Plane flying in to a house - Being in the right place at the right time.



     My first camera was a Pentax SLR K1000 I received for my 12th birthday.  I had rode my bicycle down to Service Merchandise each weekend for months prior, to look at their selection of cameras, try the different cameras and ask the salesmen questions.  I picked the Pentax because it was among the least expensive, looked well-built, and my favorite salesman really liked it.  
     Just because I had picked it did not mean I would get it, but I had asked my Dad if I could buy one with the money I had saved from mowing yards and he mentioned that perhaps I should wait til Christmas, if not til my birthday that came less than two months later.
     Christmas came and went without a camera, so when my birthday finally arrived I was incredibly excited with each gift I opened.  My last gift was a heavy, yet odd-shaped package.  Unwrapping it I found a bulky black purse-like bag - just the thing a pre-teen guy wanted.  My little sister quickly told me the bag was from her, and to look inside.  Feeling awkward about looking in to a purse given to a boy, I found what the bag really was - a camera bag for the new Pentax K1000 my Dad and Stepmom put inside the bag.
     Everyone that knew me knew I was creative by nature, as I drew pictures and wrote stories constantly, but my new camera opened up a whole new world to me.  I was just a typical 12 year old - the kid with chocolate brown hair and gold streaks, riding on his mustard yellow dirt bike with a black bulky camera bag.  
     And no, I told all my friends, it was not a purse - it was a bad-ass black leather camera bag that just happened to look like a purse.
     I took pictures constantly, and by the time I started high school I was excited for the opportunity to take photography courses.  I chose black and white photography, as color photography seemed so cumbersome and time consuming.  Lots of steps of mixing separate colors, monitoring the time, chemicals - gee, I just wanted to take pictures.  Black and white photography, however, seemed a bit easier to understand - composing a picture with the different color gradients, and then standing in a room lit with a red light to wind film on a spool and submerse in chemicals.  I grew confident in my abilities to develop film and make prints - around the school campus everyone would see me with my Pentax, my bad-ass black camera bag that looked like a purse, and a big black arm strap with PENTAX written in red letters.  
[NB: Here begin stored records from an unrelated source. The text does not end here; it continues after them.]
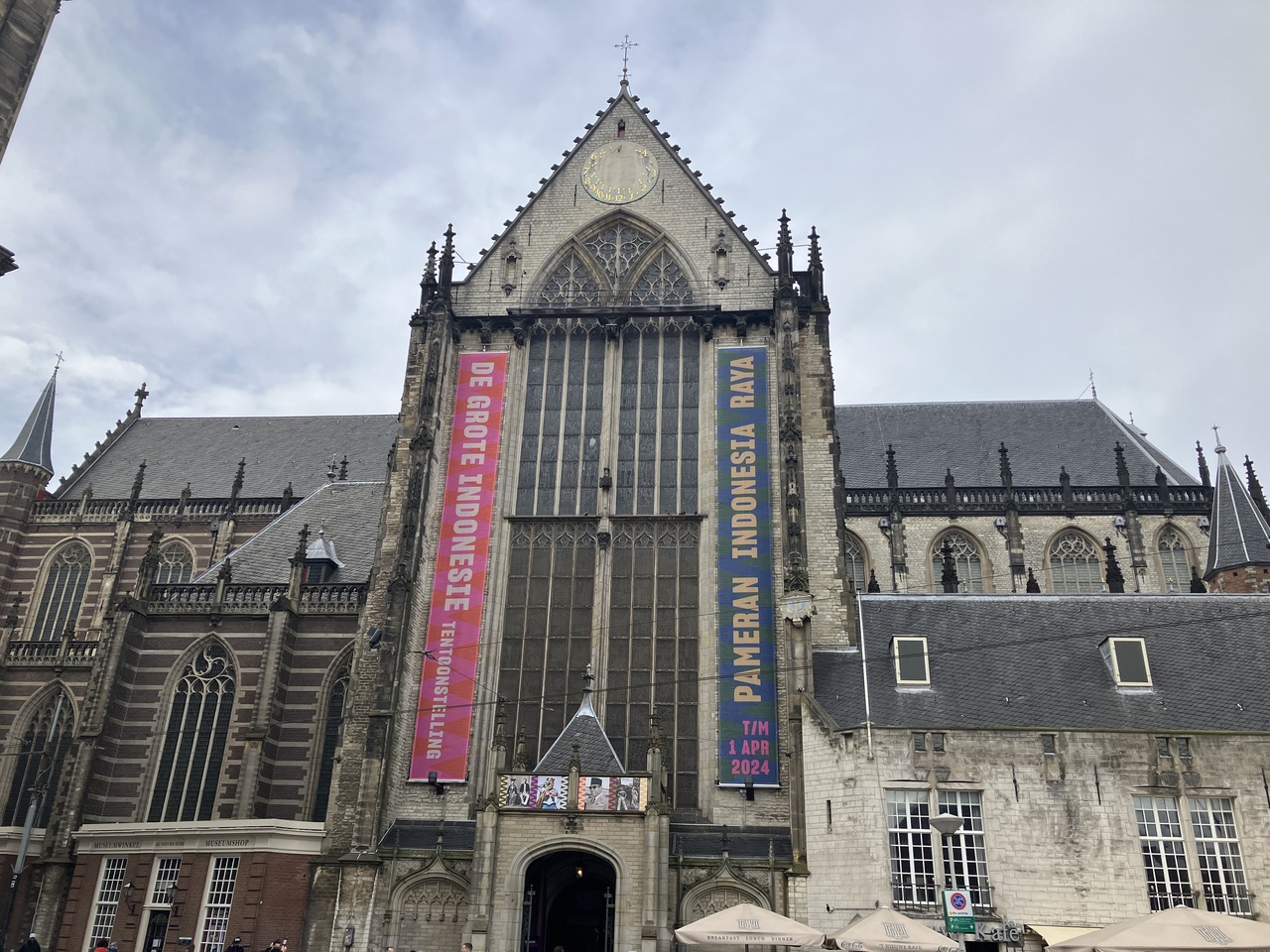 新教会は、後期ゴシック様式の建物で、王宮を正面に見て右手に位置しています。歴代のオランダ国王や女王の即位式あこの教会で行われるそうです。教会の建物正面にはピンク色の垂れ幕が掛かっていて、あまり教会っぽい感じがしないなと思っていたのですが、普段はイベント会場として使われているらしいです。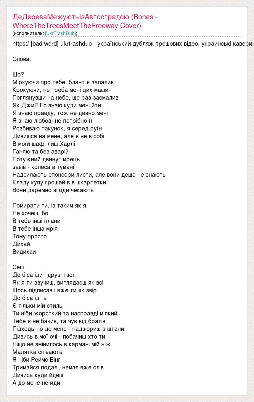 Главная→Исполнители→[UkrTrashDub]→ДеДереваМежуютьІзАвтострадою (Bones - WhereTheTreesMeetTheFreeway Cover)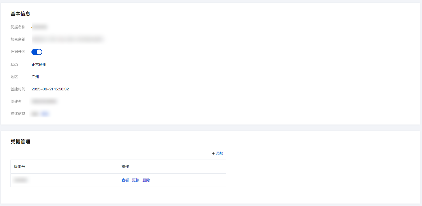 4. 单击凭据名称,进入该凭据的详情页,您可查看凭据的名称、状态、描述信息以及版本号等内容,同时可以对凭据内容进行更改、删除、版本管理等操作。

     My first taste of success came when I created what became known as the “Plane flying in to a house” picture.  Shortly after I received my driver’s license at the age of 16, I was soon off to travel around town to take pictures.  One day I found myself across the street from an old WWII landing strip that the Navy was currently using for touch-and-go landings for practice by their new Navy pilots.  I had a couple rolls of 36 exposure film, so I tried to make each shot count.  One roll I devoted to shooting the planes coming in for a landing.  Directly across the street was a large plot of farm land, rows of grain about two feet tall, and an old dilapidated farmhouse with a palm tree out front.  The farmhouse had no paint on it, some windows were broken or the screens were coming off, and the house appeared to be condemned.  I stood directly in front of the house and took a dozen or so pictures with the farmhouse to left side of the frame, leaving an open area of nothing but rows of grain, to the right side of the frame.  By itself the picture looked off kilter, as it was not centered on the subject - the house - like I had been taught to do in my photography courses.  
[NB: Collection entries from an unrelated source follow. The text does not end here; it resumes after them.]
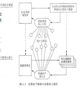 图5.2说明了信息资源规划工作中,信息资源规划者自顶向下的规划和数据管理员自底向上进行详细设计工作之间的相互关系。自顶向下的规划者应着眼于全企业,决定企业需要的数据库和其他数据资源。数据管理员则对收集的数据进行分析并综合成所要建立的每个数据库。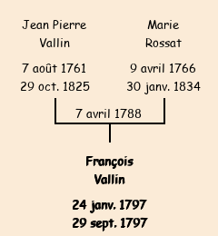 Père : Jean Pierre Vallin, fils de François | Parrain : François Dominjon (fils de Noémi) |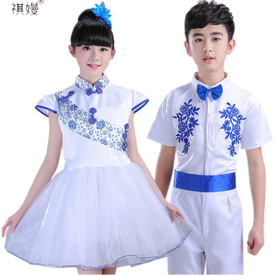 Mới đọc trang phục trẻ em màu xanh và trắng sứ tiểu học và trung học sinh viên điệp khúc quần áo trẻ em trai và cô gái nhảy guzheng hiệu suất đồ bộ cho be gái 12 tuổi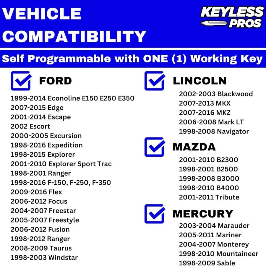 3-Button Keyless Entry Remote Key Fob Replacement, Compatible with F150 F250 F35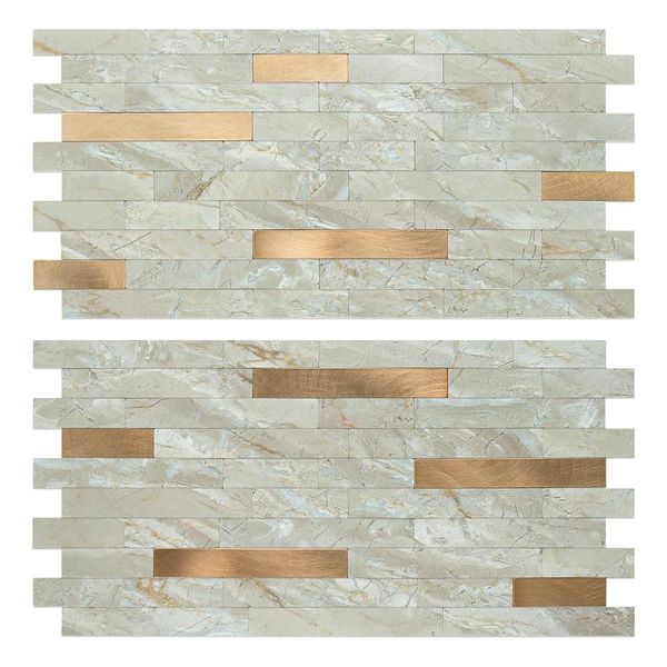 20 sheets solid PVC mixed metal tiles, 11.7″x5.9″x0.12″ each, covering about 9.6 square feet.

     Back in the lab at school, I developed my film and had a perfect negative of a plane coming in for a landing with nothing but pale blue skies surrounding it, along with a nice crisp shot of an old weathered wood house.  I sandwiched the two negatives together precisely so as to create a final print - one which looked like I just happened to be in the right place at the right time - moments from impact.  How could I have possibly been in the right place at the right time to take such a miraculous shot?  
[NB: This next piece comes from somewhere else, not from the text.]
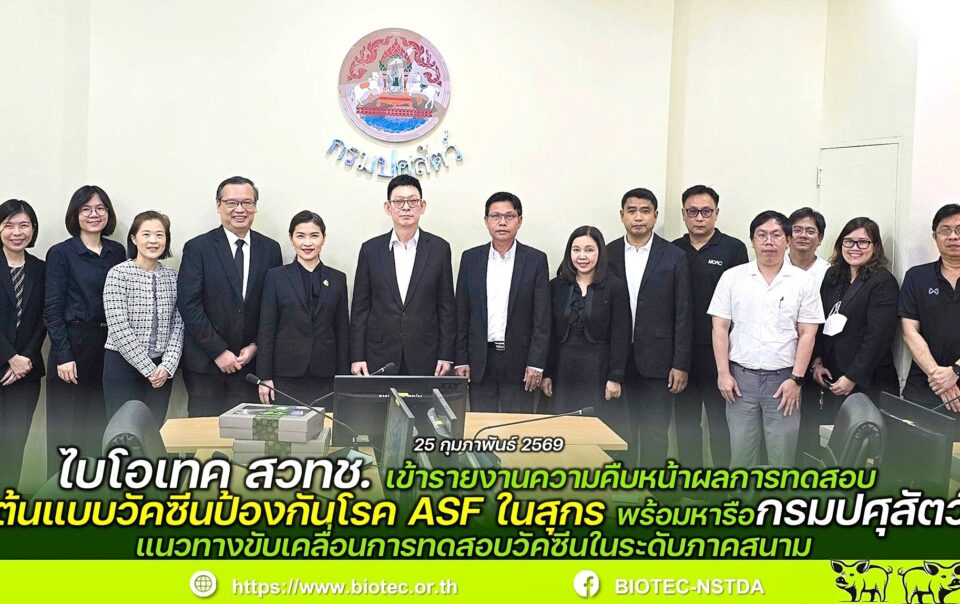 - ไบโอเทค สวทช. รายงานความก้าวหน้าผลการทดสอบต้นแบบวัคซีนป้องกันโรค ASF ในสุกร พร้อมหารือกรมปศุสัตว์ขับเคลื่อนการทดสอบวัคซีนในระดับภาคสนาม03/10/2026

     I made a large 11x 14 black and white print, hand-cut a mat for it, and turned it in to my teacher for an assignment.  Within a few days she came up to me to ask me about the print.  She was curious to find out what happened to the house, was anyone hurt, how I happened to be there, and why she had not heard anything about the accident in the news.  I sheepishly explained to her that I had created the picture in the darkroom, and that both the plane and the house were doing just fine.
     To my surprise, my teacher loved the picture and encouraged me to enter it in to the upcoming local art exhibition at the local coliseum.  I entered the picture, and once the exhibition opened I went to see how my work was perceived.  Row after row I walked, looking at all the nicely mounted photographs of fellow students.  Each had a title, a photographer name, their grade and their school.  Pictures were given titles like, “Sunrise”, “Sunset”, “Butterflies”, or “Ducks”.  And there was my picture, self-explanatory - “Plane flying in to a house”.
     I won 3rd place.  It was the first photography contest I ever entered, and it gave me enough confidence to last 30 years.
     And it is the reason I am writing this blog today - what positive thing will you do today that will impact your life for the next 30 years?